# Hey guys? ChukW is at it again - this time with a resin 1/48 Ju-388 ;)



## BikerBabe (Jan 5, 2012)

Link is under the pic.
Oooooooh am I looking forward to yet another highly entertaining, educating and fun masterly build! 
*rubs hands*    








AeroScale :: Ju 388- Planet Models 1/48 Resin

And for those of you who haven't yet seen ChukW's masterly build of his 1/48 Me-410 A1 Promodeler, here's the link:

http://www.aeroscale.co.uk/modules.php?op=modload&name=SquawkBox&file=index&req=viewtopic&topic_id=136015#1134358


----------



## Crimea_River (Jan 5, 2012)

Great news! I've been using Chuck's 410 build as a reference for mine (although I could do without the cartoons). He's a real master and I look forward to this build.


----------



## Aaron Brooks Wolters (Jan 5, 2012)

I need to progress a LOT further.


----------



## Njaco (Jan 5, 2012)

ALRIGHT!!! I loved his 410! Put mine to shame.
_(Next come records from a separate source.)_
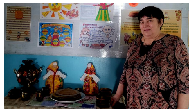
Учителями Мамской школы была организована выставка, посвященная Масленице, одному из самых популярных праздников в России, корни которого уходят в глубокую старину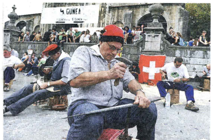
▲ Sega pikatzen. Euskal Herria eta Suitza segan lehiatu ziren lehenik Sorabillan, eta sega pikatzen ere aritu ziren norgehiago-ka Goikoplazan, Almitza Sega Elkartearen eskutik.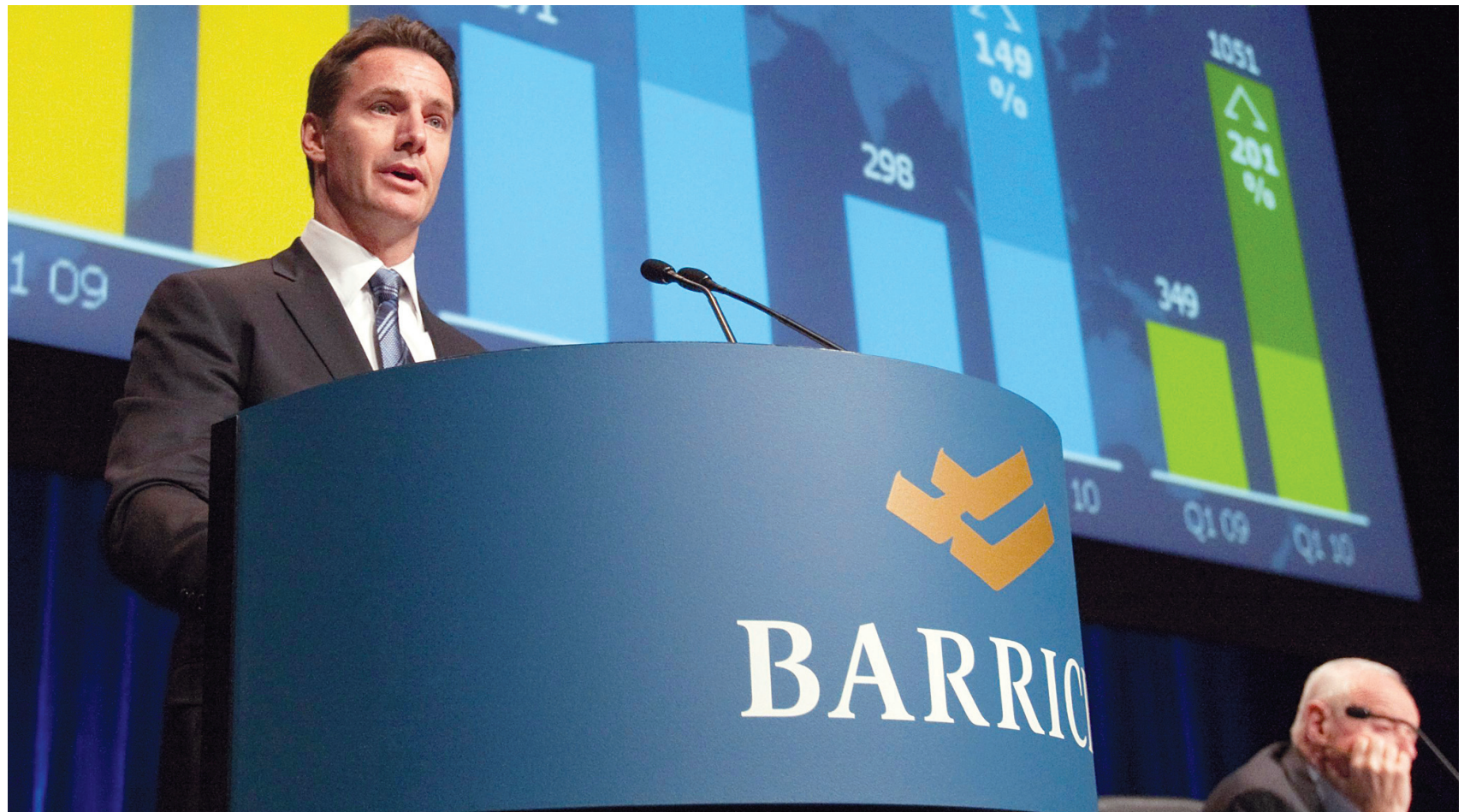
Le p.-d.g. de Barrick Gold, Aaron Regent, fut en 2009 le dirigeant d'entreprise canadien le mieux rémunéré avec des revenus de 24,4 millions, selon les calculs du Centre canadien de politiques alternatives. Le «groupe des 100» aurait gagné 155 fois le salaire moyen des travailleurs canadiens.

Plus the graphics are coool!!


----------



## Crimea_River (Jan 5, 2012)

Has been at this one for a year already, just a bit longer than my 410.


----------



## vikingBerserker (Jan 5, 2012)

Very cool!


----------



## Hotntot (Jan 5, 2012)

Think I'll learn base jumping or something to up the anti.


----------